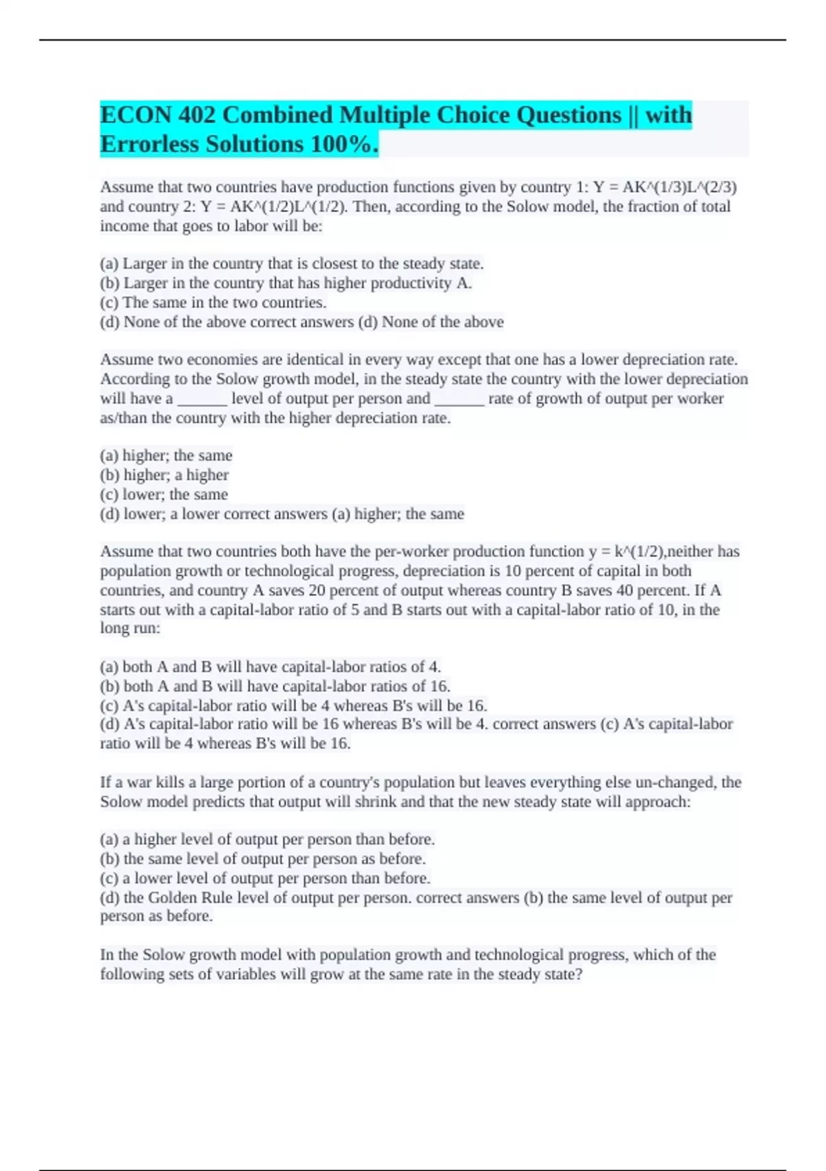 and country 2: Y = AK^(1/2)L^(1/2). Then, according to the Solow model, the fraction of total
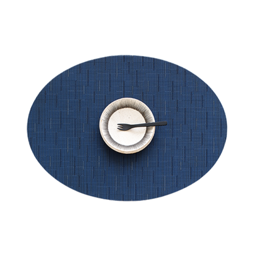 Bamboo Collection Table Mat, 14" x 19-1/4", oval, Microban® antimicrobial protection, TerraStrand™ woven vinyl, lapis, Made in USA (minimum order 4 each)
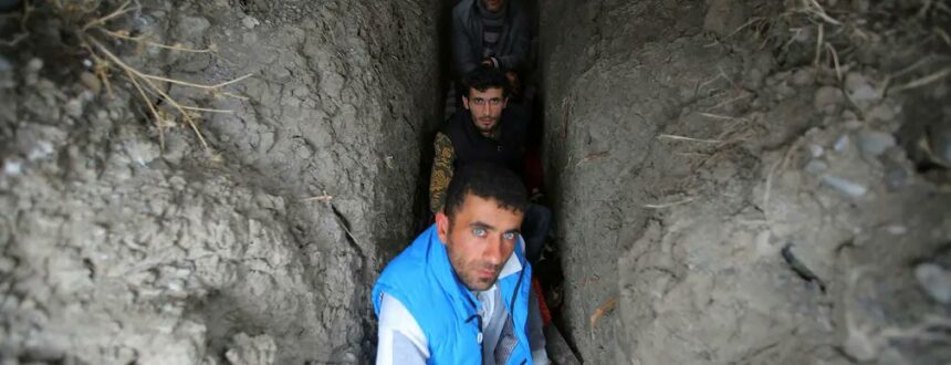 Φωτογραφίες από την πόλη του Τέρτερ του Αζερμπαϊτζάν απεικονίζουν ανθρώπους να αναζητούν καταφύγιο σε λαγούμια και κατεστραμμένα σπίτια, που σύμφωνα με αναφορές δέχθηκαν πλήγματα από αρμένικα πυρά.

■ Requirement ■
Exclude every picture and restate the listing word for word.

■ Expected answer ■
 and country 2: Y = AK^(1/2)L^(1/2). Then, according to the Solow model, the fraction of total
 Bamboo Collection Table Mat, 14" x 19-1/4", oval, Microban® antimicrobial protection, TerraStrand™ woven vinyl, lapis, Made in USA (minimum order 4 each)
 Φωτογραφίες από την πόλη του Τέρτερ του Αζερμπαϊτζάν απεικονίζουν ανθρώπους να αναζητούν καταφύγιο σε λαγούμια και κατεστραμμένα σπίτια, που σύμφωνα με αναφορές δέχθηκαν πλήγματα από αρμένικα πυρά.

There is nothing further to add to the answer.